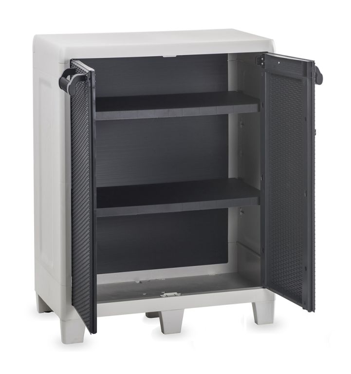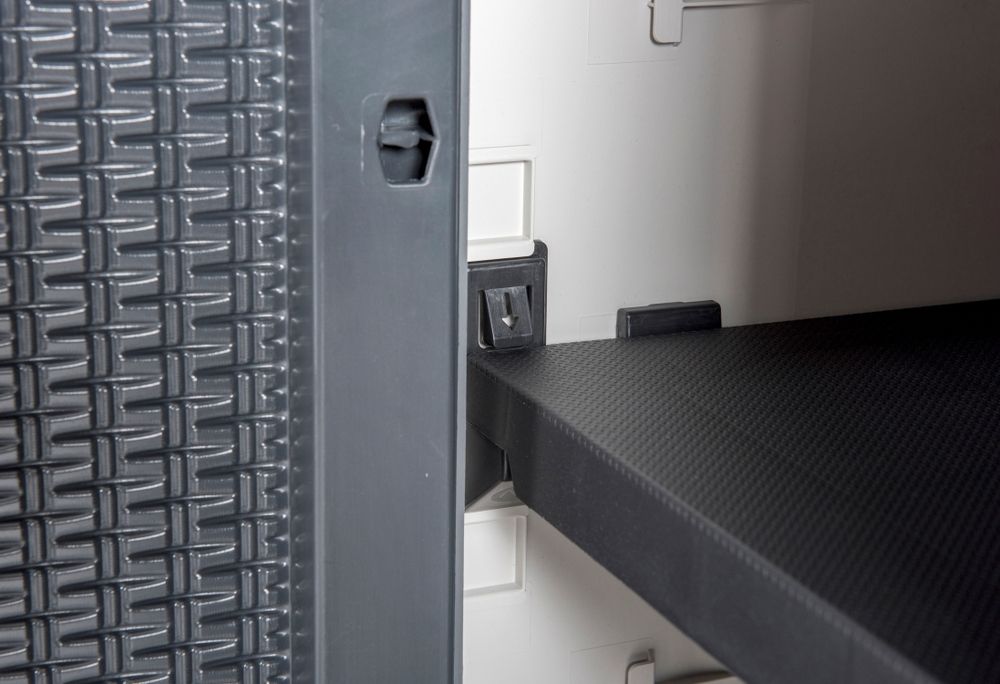 ÁLLÍTHATÓ PADLÓK: A két állítható polc, amelyek maximális terhelhetősége akár 30 kg is lehet, rengeteg helyet kínál szerszámai és tartozékai rendszerezéséhez. A rattan utánzatú felület biztosítja, hogy a szekrény természetesen illeszkedjen kertje zöld környezetébe.
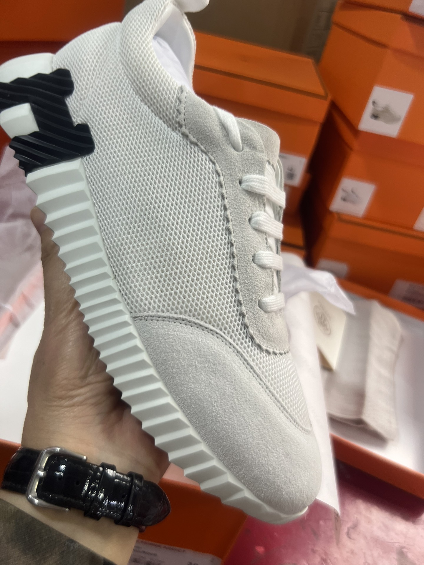 This shoes is AAAAA 1:1 quality (superb). Materials used are identical to the original ones. trademark marks are indistinguishable to the authentic. Photos take by actual shoes, what you receive will be 100% same with our photos.
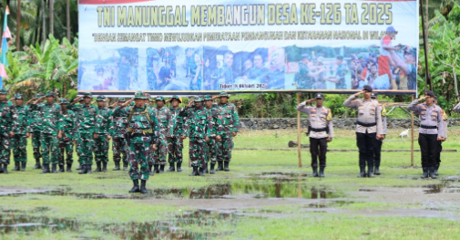 Upacara pembukaan TMMD ke-126 Tahun 2025 di Lapangan Bola Desa Wama, Oba Selatan, Kota Tidore Kepulauan, Maluku Utara. Foto: Pendim 1505/Tidore.
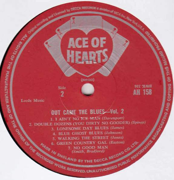 ARTIST: Various Artists LABEL: Ace Of Hearts CAT: AH 158 PRESSING: UK YEAR: 1967 RPM: 33 FORMAT: 12 DISC/S: 1 GENRE: Blues STYLE: COVER CONDITION: VG+ VINYL CONDITION: VG++ USED OR NEW: Secondhand
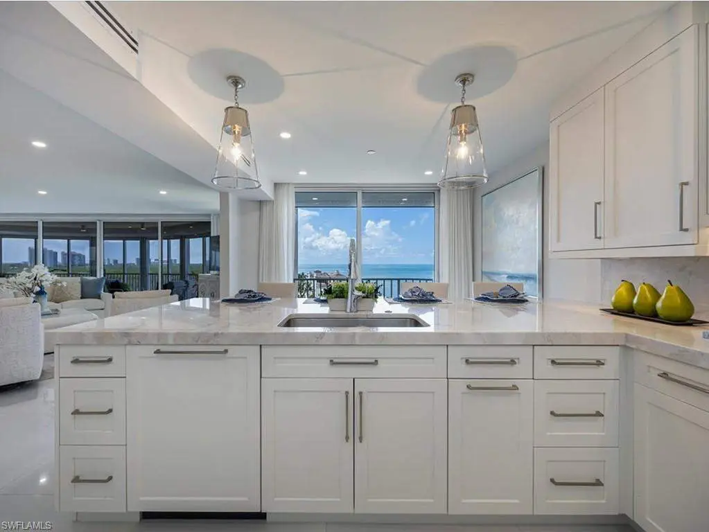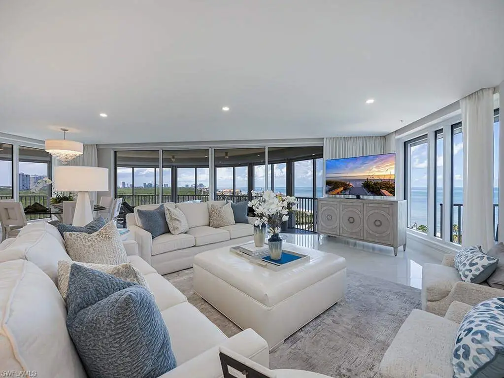 Seldom does a beachfront unit in Bay Colony undergo such a thorough transformation, especially one available to the public in such a short time frame. This residence has been carefully reimagined, from the sleek white glossy large-format porcelain tile and a stunning array of quality surfaces throughout this space. The stylish, beach-inspired, sophisticated furniture package makes this opportunity genuinely hassle-free. The next fortunate resident will experience the ultimate lifestyle-whether unwinding by the pool, relaxing on the beach, playing tennis, or enjoying fine dining across Naples-without the hassle of coordinating with contractors or dealing with unforeseen budget increases often accompanying significant renovations. Begin your next adventure by enjoying breathtaking, unobstructed views of the Gulf of America, with the shimmering lights of Park Shore twinkling in the distance at dusk.
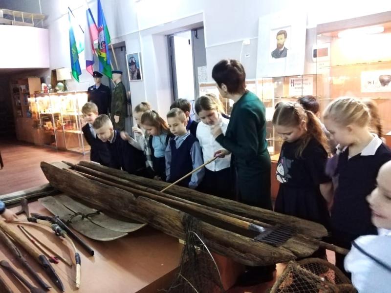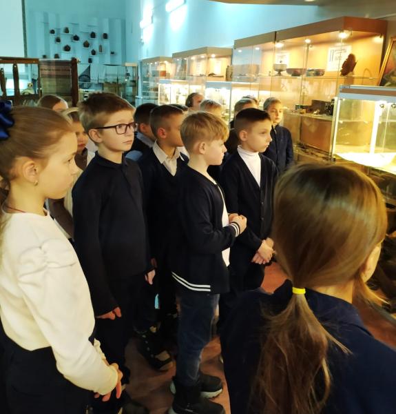 Ребята ознакомились с историей освоения нашей местности древними финнами и балтами, основными занятиями которых были рыболовство и охота, а после заселения в 8 веке н.э. славянских племён кривичей появилось земледелие. Рассказ сопровождался демонстрацией экспонатов музея, относящихся к тому периоду, отдельных предметов быта.
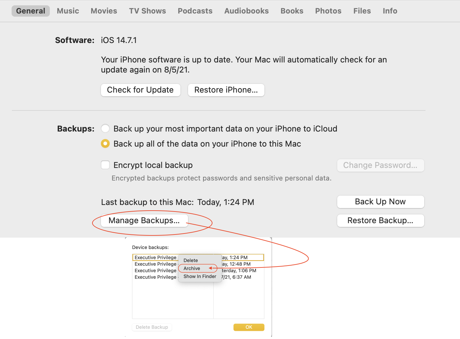 holding the Control key when selecting a backup there, reveals the options: I like to keep one archive that does not get over written.
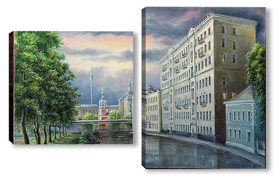 Купить модульную картину Сереневый бульвар.Дождь прошёл.
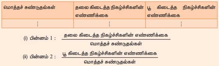 (i) பின்னம் 1 : தலை கிடைத்த நிகழ்ச்சிகளின் எண்ணிக்கை / மொத்தச் சுண்டுதல்கள்
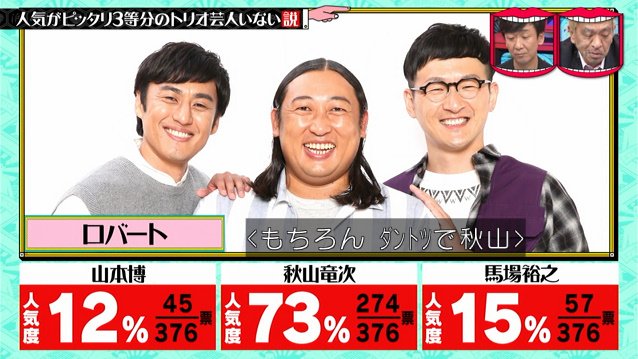 「ロバート」はダントツで秋山。
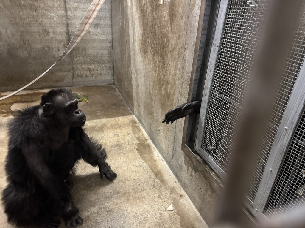 顔合わせ・同居にあたりチンパンジー飼育関係者で事前に話し合った結果、セオリー通りに進めるなら、通常はαオスと新規個体を最初に顔合わせ・同居をすることでαオスを新規個体の味方につけ、他のメンバーからの攻撃などからも守ってもらえるようにした方が良いだろうとのことでした。また、αオスと新規個体が一緒にいるのを先住メンバーに見せることで、αオスが新規個体を認めたなら仕方ないか…と思わせることも出来るだろうという見立てです。
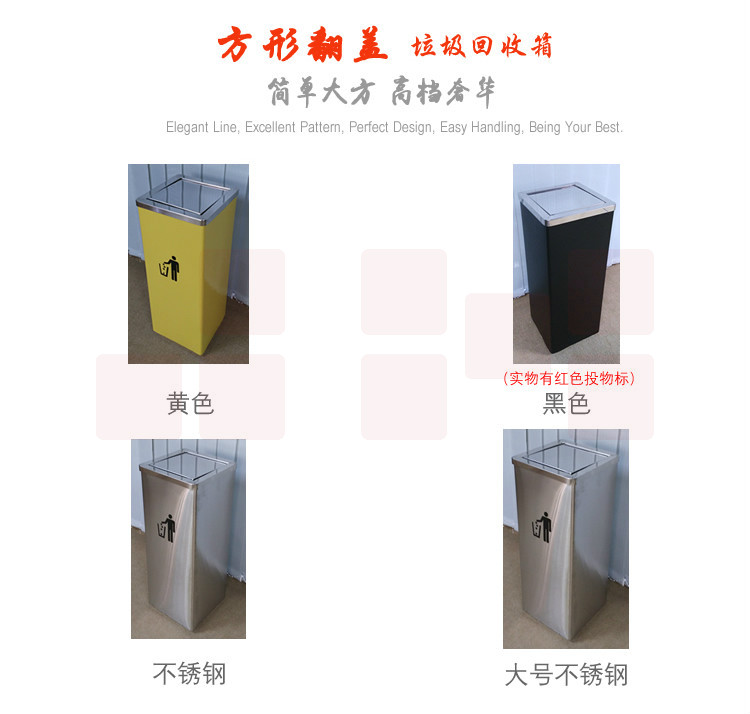 不锈钢方形摇盖垃圾桶小号 24*24*61cm
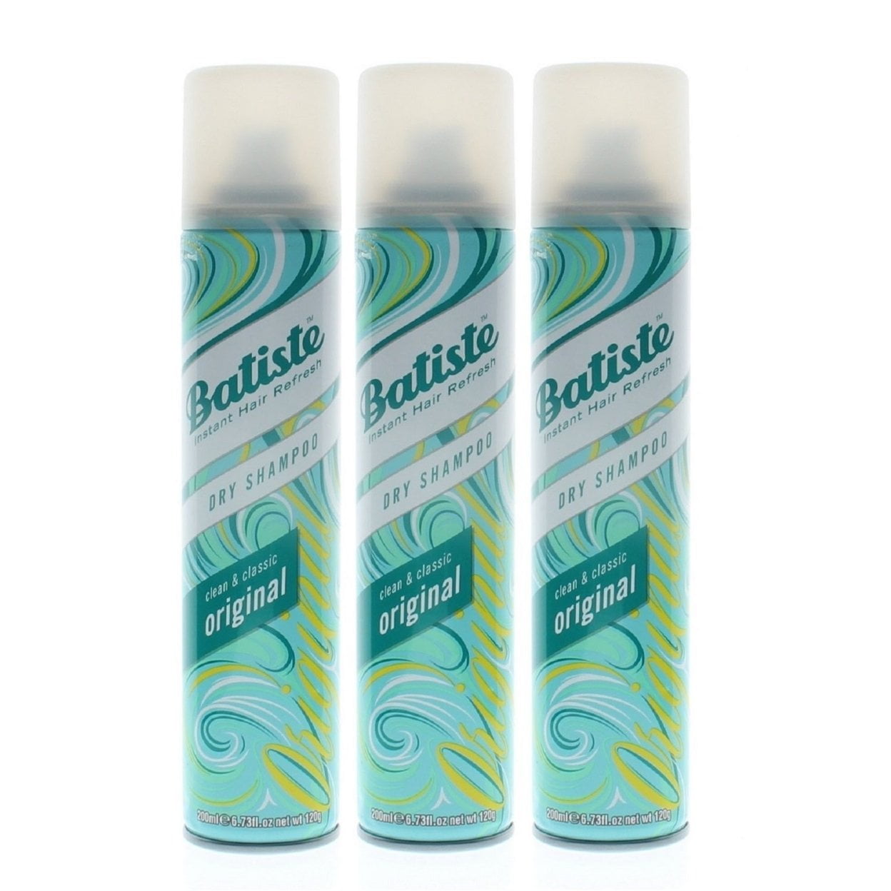 Enjoy a clean and classic scent with subtle hints of powder, lavender, and musk Use between washes to instantly refresh your hair, no water required Waterless formula absorbs dirt and grease to revitalize dull and lifeless hairBatiste Instant Hair Refresh Dry Shampoo Clean & Classic Original 6.73oz / 200ml (3-Pack)
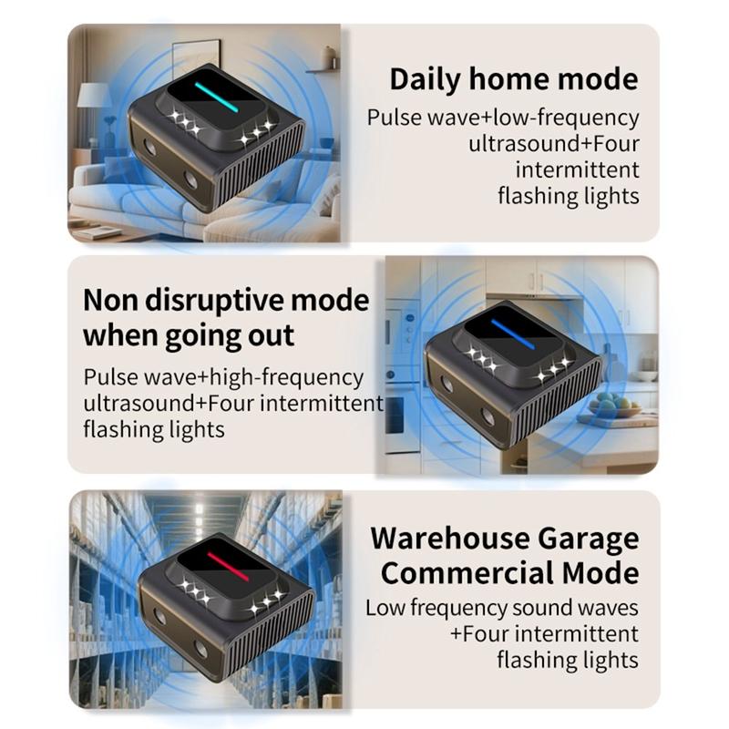 Combining ultrasonic waves, dual-pulse pressure waves, and a high-intensity LED strobe, the device creates a highly uncomfortable environment for pests while remaining safe for humans and pets.
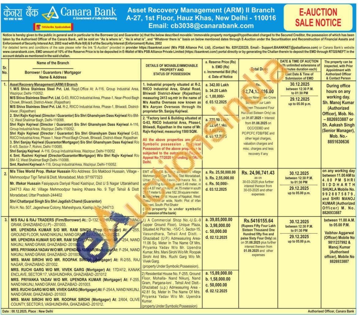 (Contact : - Vaibhav Aggarwal - Mr. 9811237992 / Manoj Kumar- Authorised officer - 8826933887)
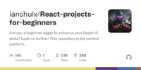 GitHub - ianshulx/React-projects-for-beginners: Are you a beginner eager to enhance your React JS skills? Look no further! This repository is the perfect platform for you to dive into the world of React development and contribute to open source during Hacktoberfest. @Hacktoberfest @ReactJS · GitHub
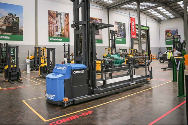 This man-up truck features a long platform to enable the operator to access long products stored at height. It is fitted with guide rollers to enable it to operate in existing guided narrow aisles of just 1.4m – the same width as those needed for Combilift’s GT truck. It enables operators to easily and safely hand pick orders for customers from the roomy elevated platform and it has a capacity of 450 kg. Its overhead guard, light anti-slip floor, self-closing platform gate and guard rails guarantee utmost safety, as does the travel speed and steering angle which automatically adjusts according to lift heights
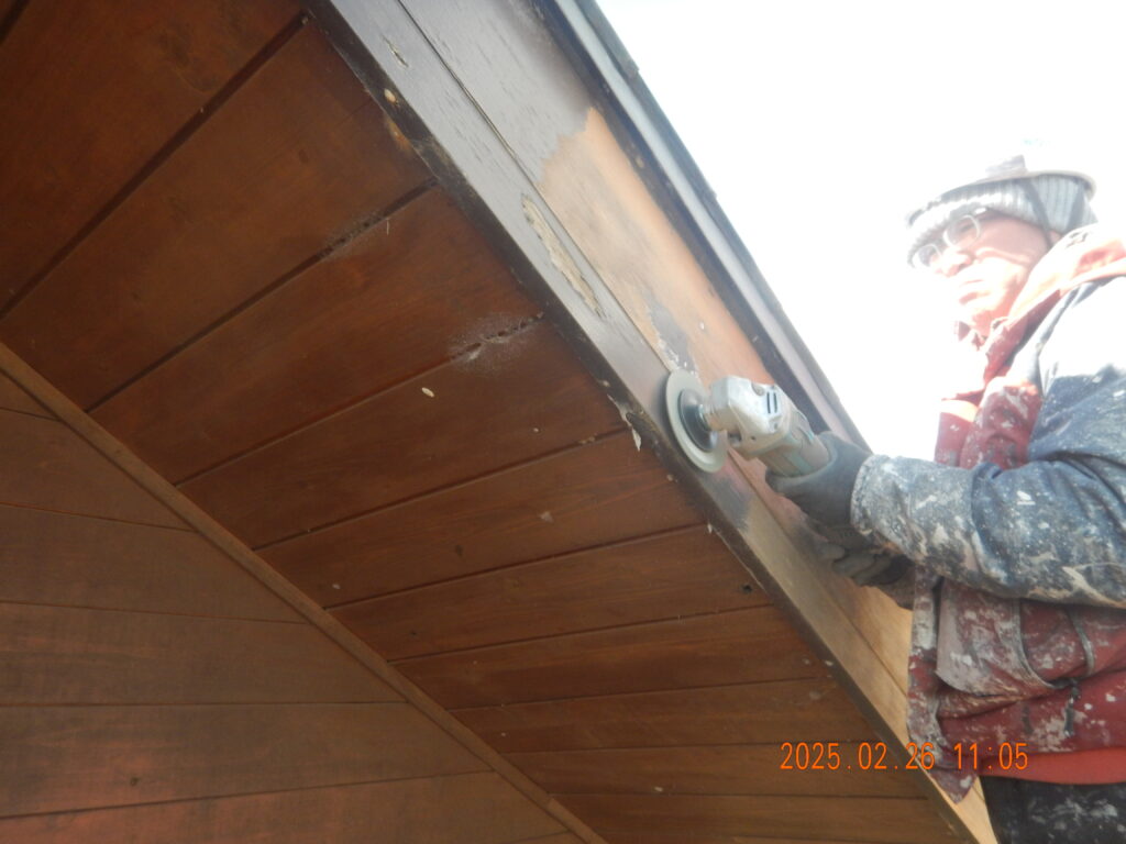 破風板メンテナンス塗装 2025年2月26日 ブログ 施工実績 by kuchikitec. 2015年に外壁塗装したお宅、毎年のように点検訪問していましたが、破風板の剥がれがあまりにひどいと、先月の点検の報告があり、写真を見て私もこれでは悲しい、と思い、社長にお願いして、メンテナンス塗装(無料)をすることにしました。 昨日足場を組み、今日は職人さんが電動サンダーで、可能な限り旧塗膜を剥がす、ケレン作業をしました。 前の記事 次の記事
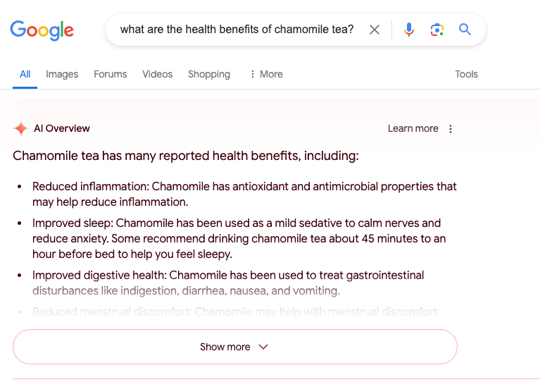 Lots of informational queries now trigger AI Overviews, and it’s pretty clear why. Gemini can provide direct answers to common questions, which are what most informational keywords consist of. If you’re looking to educate yourself about a topic or answer a question, don’t be surprised if an AI Overview pops up. Here’s what happens when we search for the health benefits of chamomile tea:
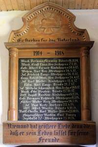 Hölzerne Wandtafel in der Kirche St. Jürgen, nördlicher Eingang, im Seitenschiff.
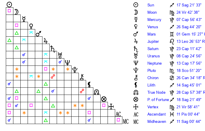 | Venus | 26 Sagittarius 45 | 11 Sagittarius 9 | 10 Aquarius 39 |
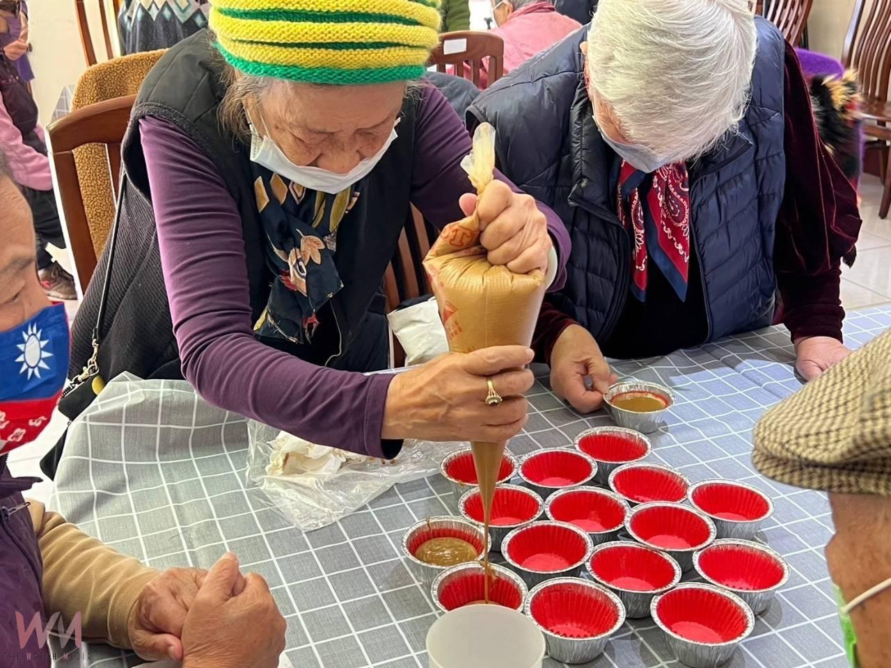 長輩們在老師的指導下親手操作,從過篩麵粉到攪拌粉漿,再到裝模準備蒸煮,過程中氣氛熱烈而歡樂。他們紛紛表示,不僅學到了製作發糕的技巧,也對傳統文化有了更深的認識。「這竹籤畫十字真的很特別!」一位長輩笑著說,發糕蒸得漂亮,全靠這個小技巧。
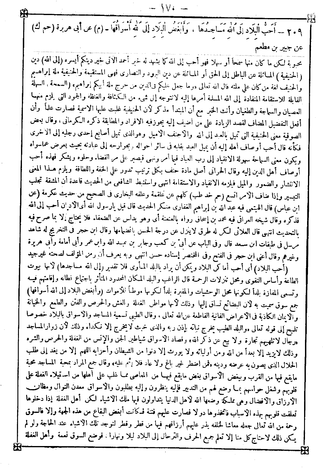 209 - (أحب البلاد) أي أحب أماكن البلاد ويمكن أن يراد بالبلد المأوى فلا تقدير (إلى الله مساجدها) لأنها بيوت الطاعة وأساس التقوى ومحل تنزلات الرحمة. قال الراغب: والبلد المكان المحدود المتأثر باجتماع قطانه وإقامتهم فيه وتسمى المفازة بلدا لكونها محل الوحشيات والمقبرة بلدا لكونها موطنا للأموات (وأبغض البلاد إلى الله أسواقها) جمع سوق سميت به لأن البضائع تساق إليها وذلك لأنها مواطن الغفلة والغش والحرص والفتن والطمع والخيانة والأيمان الكاذبة في الأعراض الفانية القاطعة عن الله تعالى وقال الطيبي: تسمية المساجد والأسواق بالبلاد خصوصا تلميح إلى قوله تعالى {والبلد الطيب يخرج نباته بإذن ربه والذي خبث لا يخرج إلا نكدا} وذلك لأن زوار المساجد {رجال لا تلهيهم تجارة ولا بيع عن ذكر الله} وقصاد الأسواق شياطين الجن والإنس من الغفلة والحرص والشره وذلك لا يزيد إلا بعدا من الله ومن أوليائه ولا يورث إلا دنوا من الشيطان وأحزابه اللهم إلا من يغد إلى طلب الحلال الذي يصون به عرضه ودينه {فمن اضطر غير باغ ولا عاد فلا إثم عليه} وقال جمع: المراد بمحبة المساجد محبة ما يقع فيها من القرب وببغض الأسواق بغض ما يقع فيها من المعاصي مما غلب على أهلها من استيلاء الغفلة على قلوبهم وشغل حواسهم بما وضع لهم من التدبير فإليه ينظرون وإليه يطلبون والأسواق معدن النوال ومظان الأرزاق والأفضال وهي مملكة وضعها الله لأهل الدنيا يتداولون فيها ملك الأشياء لكن أهل الغفلة إذا دخلوها تعلقت قلوبهم بهذه الأسباب فاتخذوها دولا فصارت عليهم فتنة فكانت أبغض البقاع من هذه الجهة وإلا فالسوق رجمة من الله تعالى جعله معاشا لخلقه يذر عليهم أرزاقهم فيها من قطر وقطر لتوجد تلك الأشياء عند الحاجة ولو لم يكن ذلك لاحتاج كل منا إلى تعلم جميع الحرف والترحال إلى البلاد ليلا ونهارا. فوضع السوق نعمة وأهل الغفلة -[171]- صدوا عن هذه الرحمة ودنسوا نفوسهم بتعاطي الخطايا فيه فصارت عليهم نقمة وأما أهل اليقين فهم وإن دخلوها قلوبهم متعلقة بتدبير الله فسلموا من فتنها ومن ثم كان المصطفى صلى الله عليه وسلم يدخل السوق ويشتري ويبيع. قال الطيبي: وإنما قرن المساجد بالأسواق مع وجود ما هو شر منها من البقاع ليقابل بين معنى الالتهاء والاشتغال وأن الأمر الديني يدفعه الأمر الدنيوي
=-=-=
**TASK OBJECTIVE**
Starting at the line above with "Купить модульную картину", output every line exactly up to and including the line with "GitHub - ianshulx/React-projects-for-beginners: Are", but none of the pictures.

**WRITTEN REPLY**
 Купить модульную картину Сереневый бульвар.Дождь прошёл.
 (i) பின்னம் 1 : தலை கிடைத்த நிகழ்ச்சிகளின் எண்ணிக்கை / மொத்தச் சுண்டுதல்கள்
 「ロバート」はダントツで秋山。
 顔合わせ・同居にあたりチンパンジー飼育関係者で事前に話し合った結果、セオリー通りに進めるなら、通常はαオスと新規個体を最初に顔合わせ・同居をすることでαオスを新規個体の味方につけ、他のメンバーからの攻撃などからも守ってもらえるようにした方が良いだろうとのことでした。また、αオスと新規個体が一緒にいるのを先住メンバーに見せることで、αオスが新規個体を認めたなら仕方ないか…と思わせることも出来るだろうという見立てです。
 不锈钢方形摇盖垃圾桶小号 24*24*61cm
 Enjoy a clean and classic scent with subtle hints of powder, lavender, and musk Use between washes to instantly refresh your hair, no water required Waterless formula absorbs dirt and grease to revitalize dull and lifeless hairBatiste Instant Hair Refresh Dry Shampoo Clean & Classic Original 6.73oz / 200ml (3-Pack)
 Combining ultrasonic waves, dual-pulse pressure waves, and a high-intensity LED strobe, the device creates a highly uncomfortable environment for pests while remaining safe for humans and pets.
 (Contact : - Vaibhav Aggarwal - Mr. 9811237992 / Manoj Kumar- Authorised officer - 8826933887)
 GitHub - ianshulx/React-projects-for-beginners: Are you a beginner eager to enhance your React JS skills? Look no further! This repository is the perfect platform for you to dive into the world of React development and contribute to open source during Hacktoberfest. @Hacktoberfest @ReactJS · GitHub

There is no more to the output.